**WHAT YOU NEED TO DO:** Reproduce, from the lines below, exactly the stretch that begins at the line containing "Kare şeklini verdikten" and ends at the line containing "ROMP Remix Trio", both included.

**TASK DATA:**

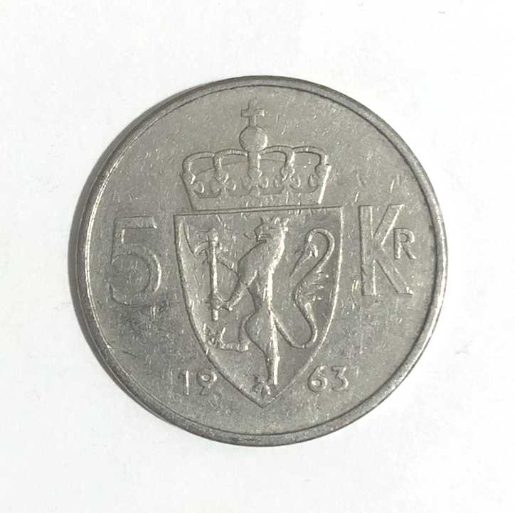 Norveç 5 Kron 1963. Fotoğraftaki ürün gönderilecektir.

---

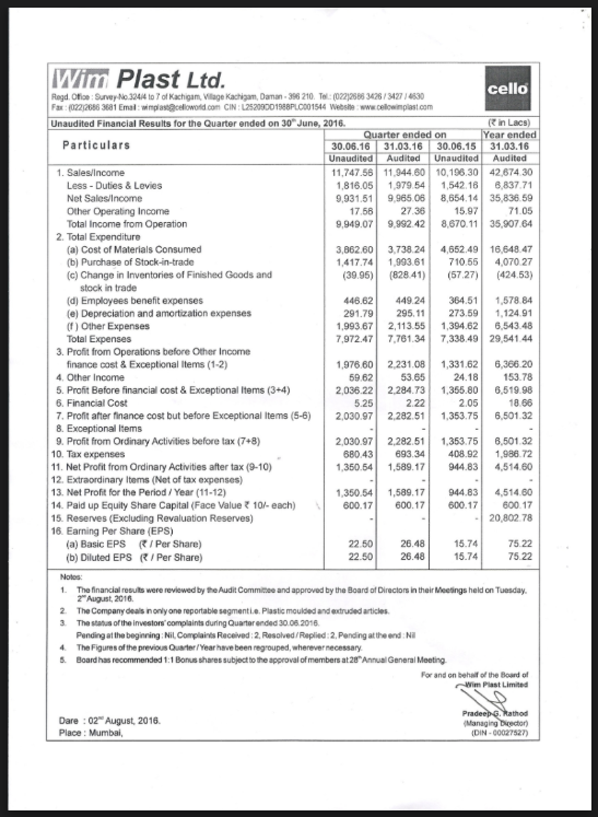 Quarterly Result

...

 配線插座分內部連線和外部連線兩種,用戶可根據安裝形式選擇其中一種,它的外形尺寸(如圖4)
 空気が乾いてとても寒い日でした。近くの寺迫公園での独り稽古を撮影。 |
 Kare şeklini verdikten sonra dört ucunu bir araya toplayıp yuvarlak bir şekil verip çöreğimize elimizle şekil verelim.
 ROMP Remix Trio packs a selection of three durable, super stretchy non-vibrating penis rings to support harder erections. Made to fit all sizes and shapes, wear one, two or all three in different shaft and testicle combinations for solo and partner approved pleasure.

**RESULT:**
 Kare şeklini verdikten sonra dört ucunu bir araya toplayıp yuvarlak bir şekil verip çöreğimize elimizle şekil verelim.
 ROMP Remix Trio packs a selection of three durable, super stretchy non-vibrating penis rings to support harder erections. Made to fit all sizes and shapes, wear one, two or all three in different shaft and testicle combinations for solo and partner approved pleasure.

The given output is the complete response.